• [BRIEF]: The pictures must be left out, while the rest of the data is copied exactly.

• [TASK DATA]:
+---+

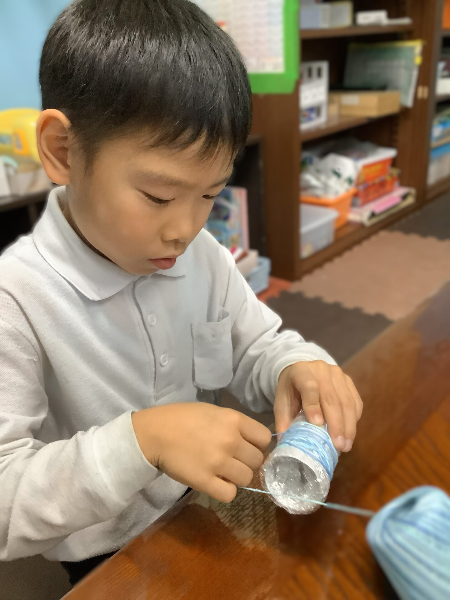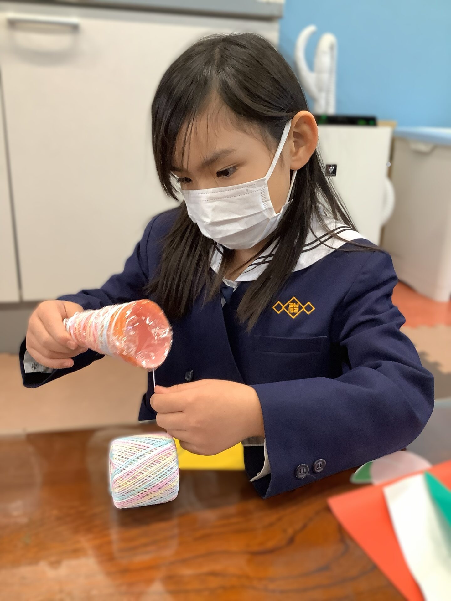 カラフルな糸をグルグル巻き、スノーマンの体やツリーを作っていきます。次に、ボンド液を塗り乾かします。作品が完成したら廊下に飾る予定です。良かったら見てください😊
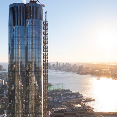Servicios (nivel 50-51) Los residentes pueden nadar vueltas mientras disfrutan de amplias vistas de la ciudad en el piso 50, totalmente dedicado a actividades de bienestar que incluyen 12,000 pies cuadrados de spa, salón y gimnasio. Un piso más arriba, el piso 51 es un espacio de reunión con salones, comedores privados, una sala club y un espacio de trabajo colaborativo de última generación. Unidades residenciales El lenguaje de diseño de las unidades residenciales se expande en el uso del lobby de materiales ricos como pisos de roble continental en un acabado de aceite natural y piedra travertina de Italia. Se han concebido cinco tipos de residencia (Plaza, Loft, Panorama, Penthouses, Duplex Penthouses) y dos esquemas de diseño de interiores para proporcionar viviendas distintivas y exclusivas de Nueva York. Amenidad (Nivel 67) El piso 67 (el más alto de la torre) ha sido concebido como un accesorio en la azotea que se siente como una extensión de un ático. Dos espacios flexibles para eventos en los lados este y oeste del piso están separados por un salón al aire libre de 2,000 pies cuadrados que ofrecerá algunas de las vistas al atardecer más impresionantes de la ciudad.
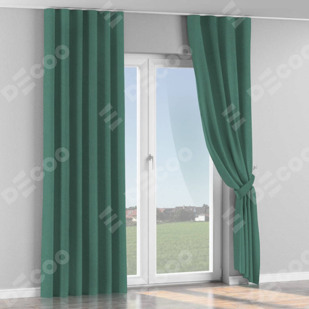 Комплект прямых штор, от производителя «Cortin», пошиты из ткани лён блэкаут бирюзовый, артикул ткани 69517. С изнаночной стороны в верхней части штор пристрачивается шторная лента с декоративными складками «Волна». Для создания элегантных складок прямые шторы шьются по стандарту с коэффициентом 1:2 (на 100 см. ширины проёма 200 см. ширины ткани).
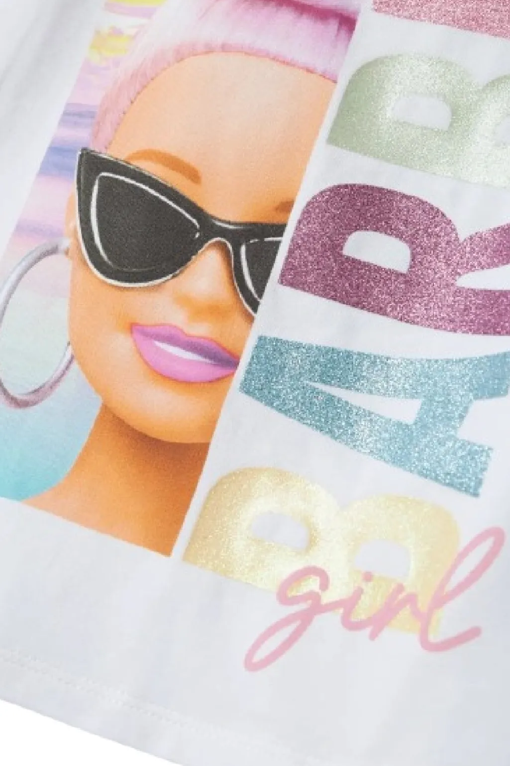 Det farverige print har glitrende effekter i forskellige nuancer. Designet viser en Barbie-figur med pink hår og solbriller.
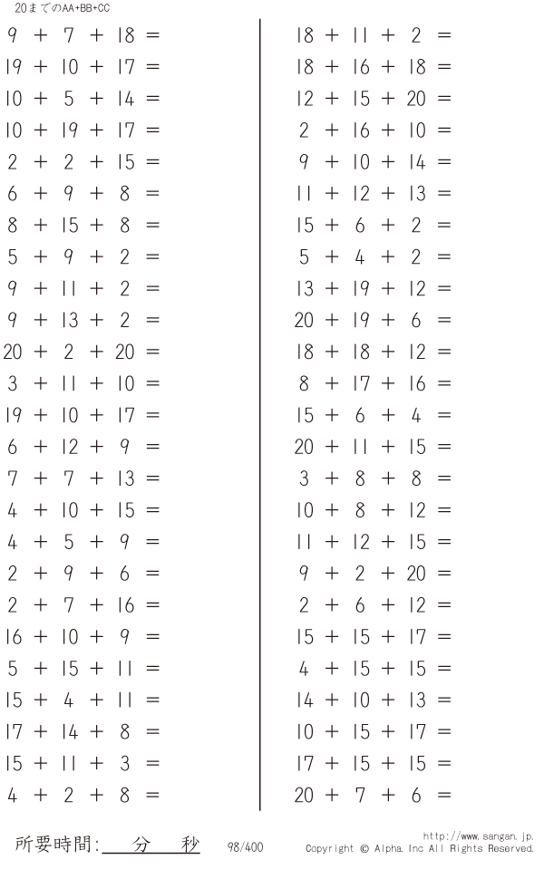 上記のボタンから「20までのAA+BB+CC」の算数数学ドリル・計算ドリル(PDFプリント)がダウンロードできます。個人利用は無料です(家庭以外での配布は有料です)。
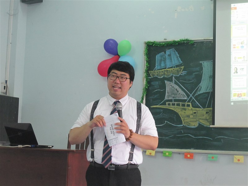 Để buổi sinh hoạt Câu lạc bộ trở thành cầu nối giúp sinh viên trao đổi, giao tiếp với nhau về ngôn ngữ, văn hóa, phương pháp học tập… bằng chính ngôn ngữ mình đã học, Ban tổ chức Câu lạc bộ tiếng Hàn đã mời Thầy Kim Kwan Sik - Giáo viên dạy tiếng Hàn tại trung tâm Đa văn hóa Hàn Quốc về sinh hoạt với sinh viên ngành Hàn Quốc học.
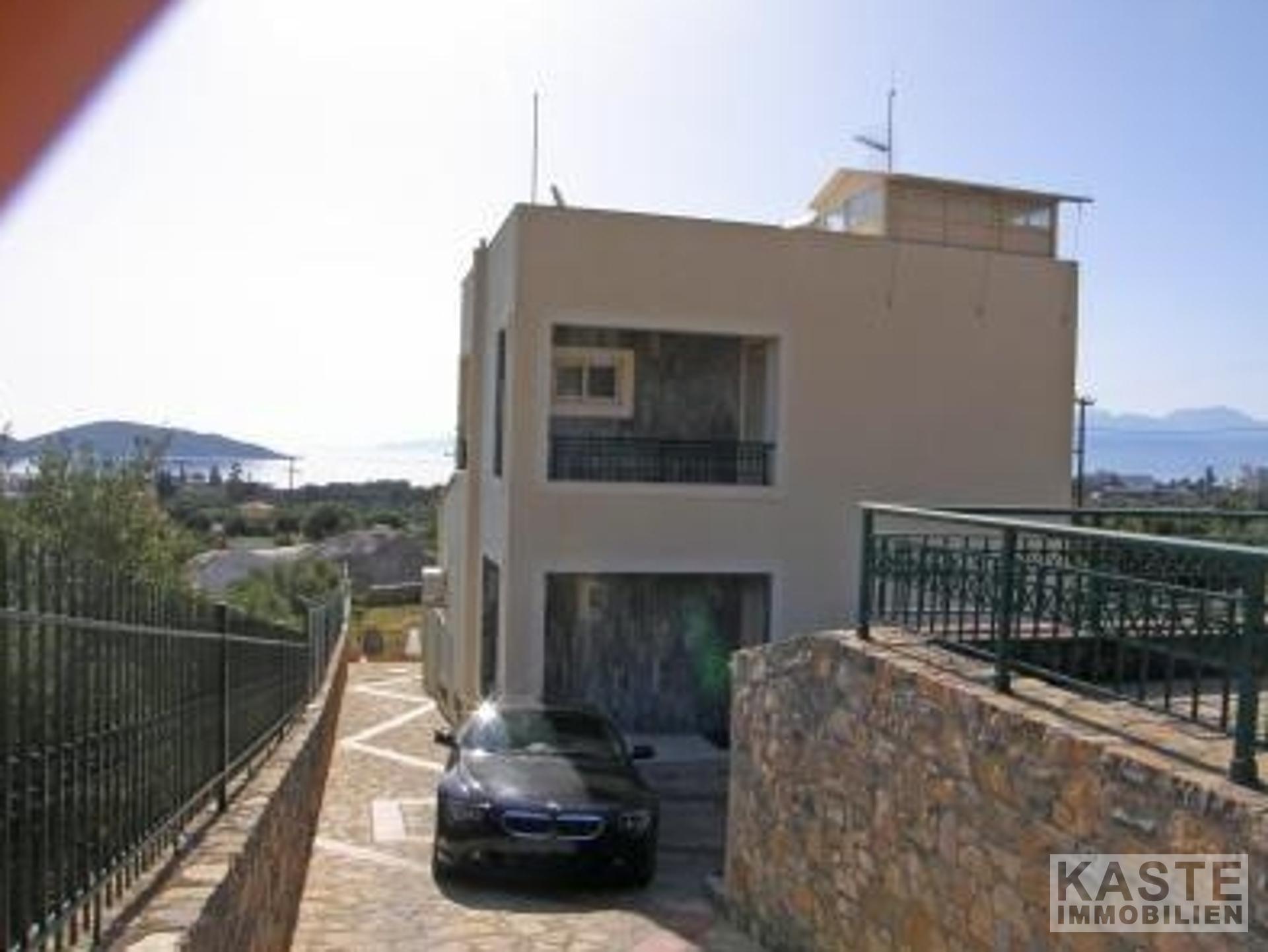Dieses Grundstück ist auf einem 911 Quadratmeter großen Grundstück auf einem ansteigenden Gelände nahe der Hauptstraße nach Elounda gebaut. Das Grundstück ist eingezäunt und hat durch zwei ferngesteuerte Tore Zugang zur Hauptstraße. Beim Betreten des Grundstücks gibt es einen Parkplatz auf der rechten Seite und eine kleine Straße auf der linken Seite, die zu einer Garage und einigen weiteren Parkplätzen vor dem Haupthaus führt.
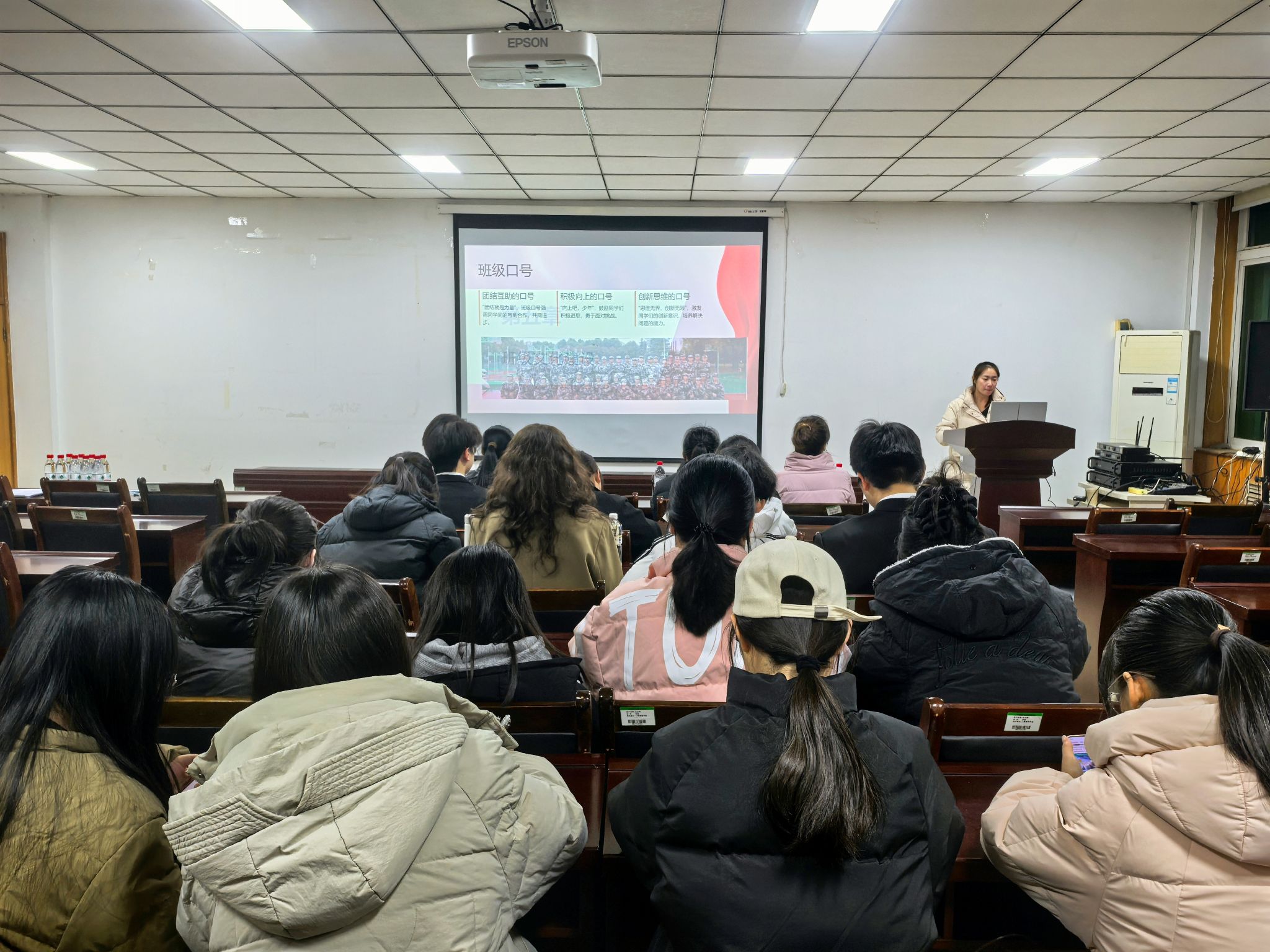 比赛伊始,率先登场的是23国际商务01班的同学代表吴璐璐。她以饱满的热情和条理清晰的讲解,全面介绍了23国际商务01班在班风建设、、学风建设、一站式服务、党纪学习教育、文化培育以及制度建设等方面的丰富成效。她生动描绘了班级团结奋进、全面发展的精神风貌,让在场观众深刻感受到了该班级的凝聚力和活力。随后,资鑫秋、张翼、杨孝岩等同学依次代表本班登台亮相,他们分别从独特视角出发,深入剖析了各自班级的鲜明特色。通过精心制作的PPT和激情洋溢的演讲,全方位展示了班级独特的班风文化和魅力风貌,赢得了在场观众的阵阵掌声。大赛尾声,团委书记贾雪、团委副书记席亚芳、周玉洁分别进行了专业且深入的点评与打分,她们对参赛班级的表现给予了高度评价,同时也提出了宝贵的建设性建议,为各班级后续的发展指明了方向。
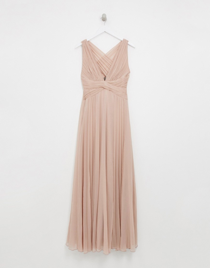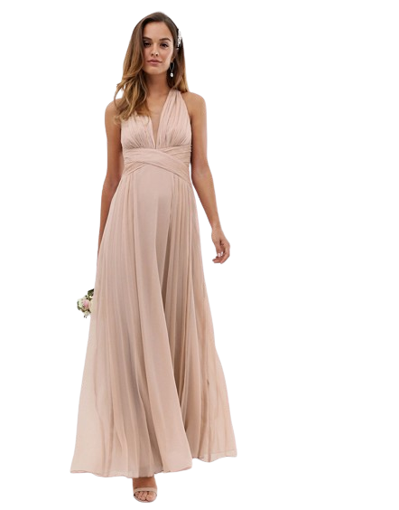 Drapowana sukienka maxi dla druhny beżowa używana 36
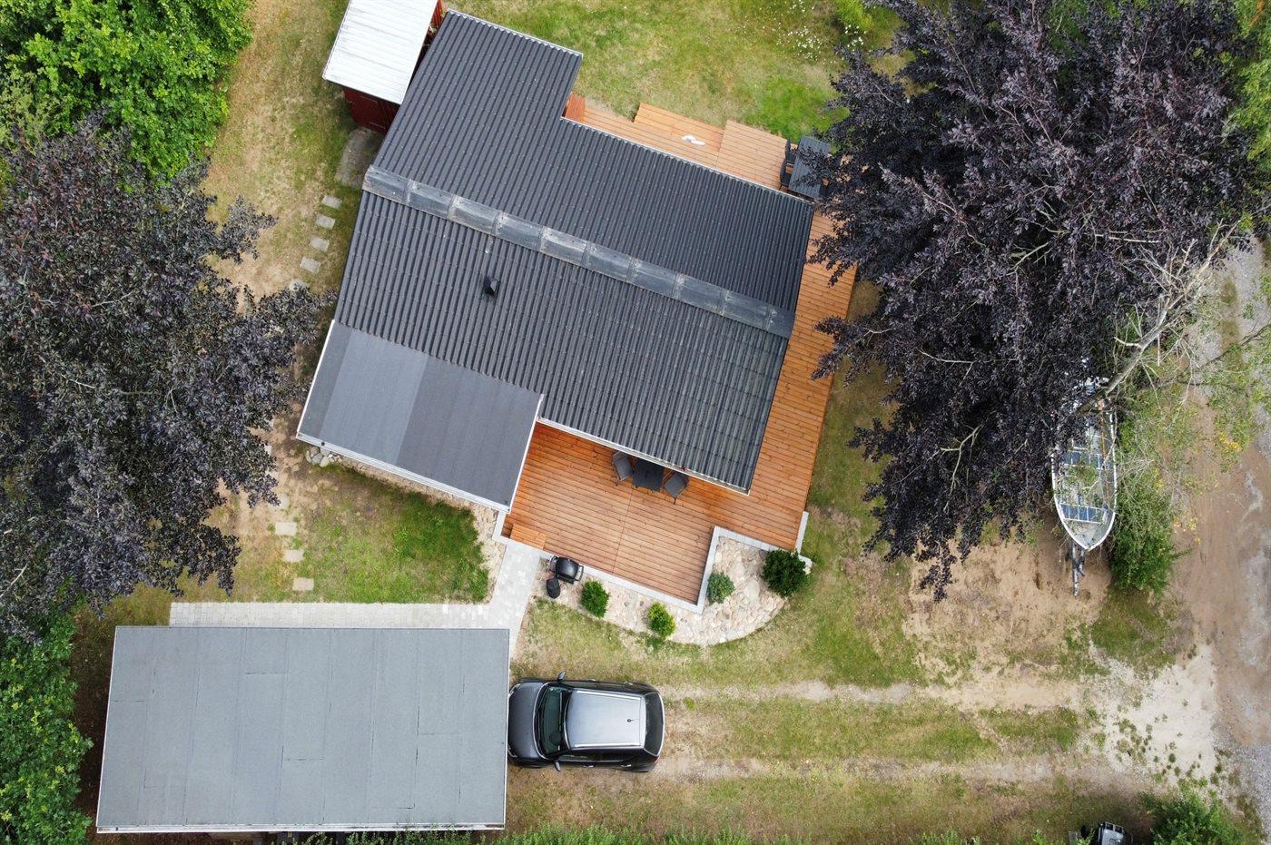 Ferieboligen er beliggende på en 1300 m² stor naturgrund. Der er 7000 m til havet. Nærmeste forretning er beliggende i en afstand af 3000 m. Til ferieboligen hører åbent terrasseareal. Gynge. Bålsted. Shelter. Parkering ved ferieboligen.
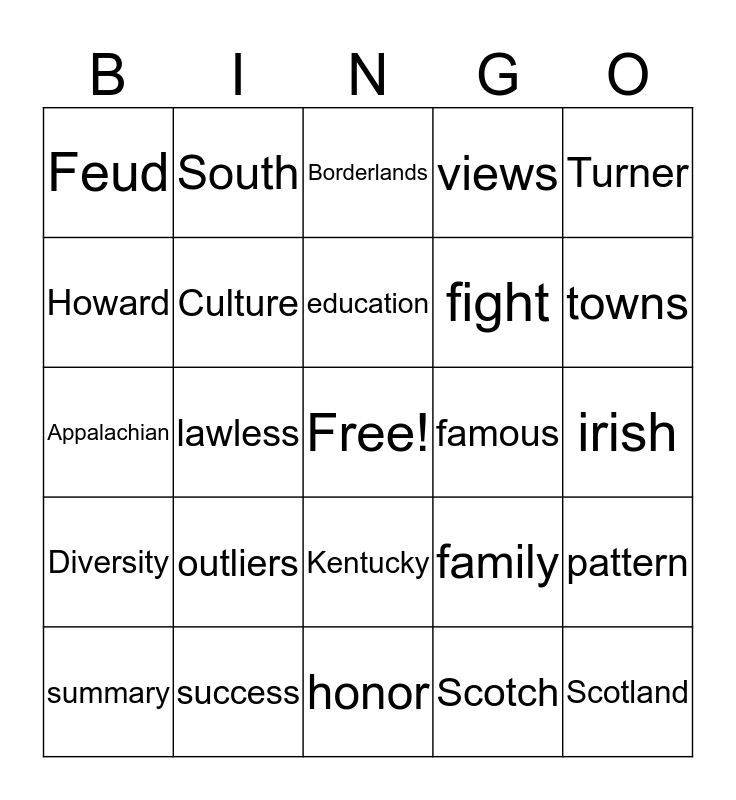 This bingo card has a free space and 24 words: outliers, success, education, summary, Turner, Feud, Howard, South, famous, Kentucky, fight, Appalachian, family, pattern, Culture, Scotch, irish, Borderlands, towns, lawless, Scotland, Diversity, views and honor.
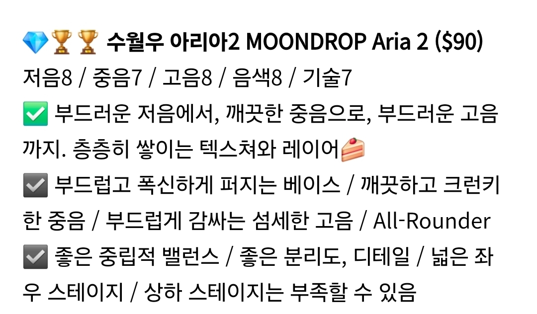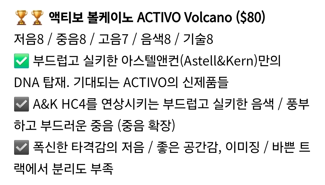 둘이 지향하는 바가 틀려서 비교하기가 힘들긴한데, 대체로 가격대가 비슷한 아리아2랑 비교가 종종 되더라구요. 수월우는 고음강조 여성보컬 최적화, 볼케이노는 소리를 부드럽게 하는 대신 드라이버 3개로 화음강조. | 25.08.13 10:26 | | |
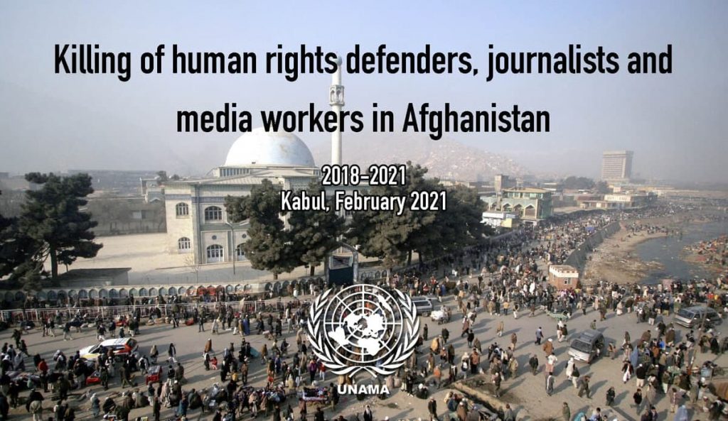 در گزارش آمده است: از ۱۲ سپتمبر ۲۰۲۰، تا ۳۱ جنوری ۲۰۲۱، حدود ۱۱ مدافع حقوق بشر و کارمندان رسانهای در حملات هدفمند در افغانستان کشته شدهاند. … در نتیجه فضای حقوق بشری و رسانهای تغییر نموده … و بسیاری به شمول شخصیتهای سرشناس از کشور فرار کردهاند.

+---+

• [RESULT OF THE EXERCISE]:
 カラフルな糸をグルグル巻き、スノーマンの体やツリーを作っていきます。次に、ボンド液を塗り乾かします。作品が完成したら廊下に飾る予定です。良かったら見てください😊
Servicios (nivel 50-51) Los residentes pueden nadar vueltas mientras disfrutan de amplias vistas de la ciudad en el piso 50, totalmente dedicado a actividades de bienestar que incluyen 12,000 pies cuadrados de spa, salón y gimnasio. Un piso más arriba, el piso 51 es un espacio de reunión con salones, comedores privados, una sala club y un espacio de trabajo colaborativo de última generación. Unidades residenciales El lenguaje de diseño de las unidades residenciales se expande en el uso del lobby de materiales ricos como pisos de roble continental en un acabado de aceite natural y piedra travertina de Italia. Se han concebido cinco tipos de residencia (Plaza, Loft, Panorama, Penthouses, Duplex Penthouses) y dos esquemas de diseño de interiores para proporcionar viviendas distintivas y exclusivas de Nueva York. Amenidad (Nivel 67) El piso 67 (el más alto de la torre) ha sido concebido como un accesorio en la azotea que se siente como una extensión de un ático. Dos espacios flexibles para eventos en los lados este y oeste del piso están separados por un salón al aire libre de 2,000 pies cuadrados que ofrecerá algunas de las vistas al atardecer más impresionantes de la ciudad.
 Комплект прямых штор, от производителя «Cortin», пошиты из ткани лён блэкаут бирюзовый, артикул ткани 69517. С изнаночной стороны в верхней части штор пристрачивается шторная лента с декоративными складками «Волна». Для создания элегантных складок прямые шторы шьются по стандарту с коэффициентом 1:2 (на 100 см. ширины проёма 200 см. ширины ткани).
 Det farverige print har glitrende effekter i forskellige nuancer. Designet viser en Barbie-figur med pink hår og solbriller.
 上記のボタンから「20までのAA+BB+CC」の算数数学ドリル・計算ドリル(PDFプリント)がダウンロードできます。個人利用は無料です(家庭以外での配布は有料です)。
 Để buổi sinh hoạt Câu lạc bộ trở thành cầu nối giúp sinh viên trao đổi, giao tiếp với nhau về ngôn ngữ, văn hóa, phương pháp học tập… bằng chính ngôn ngữ mình đã học, Ban tổ chức Câu lạc bộ tiếng Hàn đã mời Thầy Kim Kwan Sik - Giáo viên dạy tiếng Hàn tại trung tâm Đa văn hóa Hàn Quốc về sinh hoạt với sinh viên ngành Hàn Quốc học.
Dieses Grundstück ist auf einem 911 Quadratmeter großen Grundstück auf einem ansteigenden Gelände nahe der Hauptstraße nach Elounda gebaut. Das Grundstück ist eingezäunt und hat durch zwei ferngesteuerte Tore Zugang zur Hauptstraße. Beim Betreten des Grundstücks gibt es einen Parkplatz auf der rechten Seite und eine kleine Straße auf der linken Seite, die zu einer Garage und einigen weiteren Parkplätzen vor dem Haupthaus führt.
 比赛伊始,率先登场的是23国际商务01班的同学代表吴璐璐。她以饱满的热情和条理清晰的讲解,全面介绍了23国际商务01班在班风建设、、学风建设、一站式服务、党纪学习教育、文化培育以及制度建设等方面的丰富成效。她生动描绘了班级团结奋进、全面发展的精神风貌,让在场观众深刻感受到了该班级的凝聚力和活力。随后,资鑫秋、张翼、杨孝岩等同学依次代表本班登台亮相,他们分别从独特视角出发,深入剖析了各自班级的鲜明特色。通过精心制作的PPT和激情洋溢的演讲,全方位展示了班级独特的班风文化和魅力风貌,赢得了在场观众的阵阵掌声。大赛尾声,团委书记贾雪、团委副书记席亚芳、周玉洁分别进行了专业且深入的点评与打分,她们对参赛班级的表现给予了高度评价,同时也提出了宝贵的建设性建议,为各班级后续的发展指明了方向。
 Drapowana sukienka maxi dla druhny beżowa używana 36
 Ferieboligen er beliggende på en 1300 m² stor naturgrund. Der er 7000 m til havet. Nærmeste forretning er beliggende i en afstand af 3000 m. Til ferieboligen hører åbent terrasseareal. Gynge. Bålsted. Shelter. Parkering ved ferieboligen.
 This bingo card has a free space and 24 words: outliers, success, education, summary, Turner, Feud, Howard, South, famous, Kentucky, fight, Appalachian, family, pattern, Culture, Scotch, irish, Borderlands, towns, lawless, Scotland, Diversity, views and honor.
 둘이 지향하는 바가 틀려서 비교하기가 힘들긴한데, 대체로 가격대가 비슷한 아리아2랑 비교가 종종 되더라구요. 수월우는 고음강조 여성보컬 최적화, 볼케이노는 소리를 부드럽게 하는 대신 드라이버 3개로 화음강조. | 25.08.13 10:26 | | |
 در گزارش آمده است: از ۱۲ سپتمبر ۲۰۲۰، تا ۳۱ جنوری ۲۰۲۱، حدود ۱۱ مدافع حقوق بشر و کارمندان رسانهای در حملات هدفمند در افغانستان کشته شدهاند. … در نتیجه فضای حقوق بشری و رسانهای تغییر نموده … و بسیاری به شمول شخصیتهای سرشناس از کشور فرار کردهاند.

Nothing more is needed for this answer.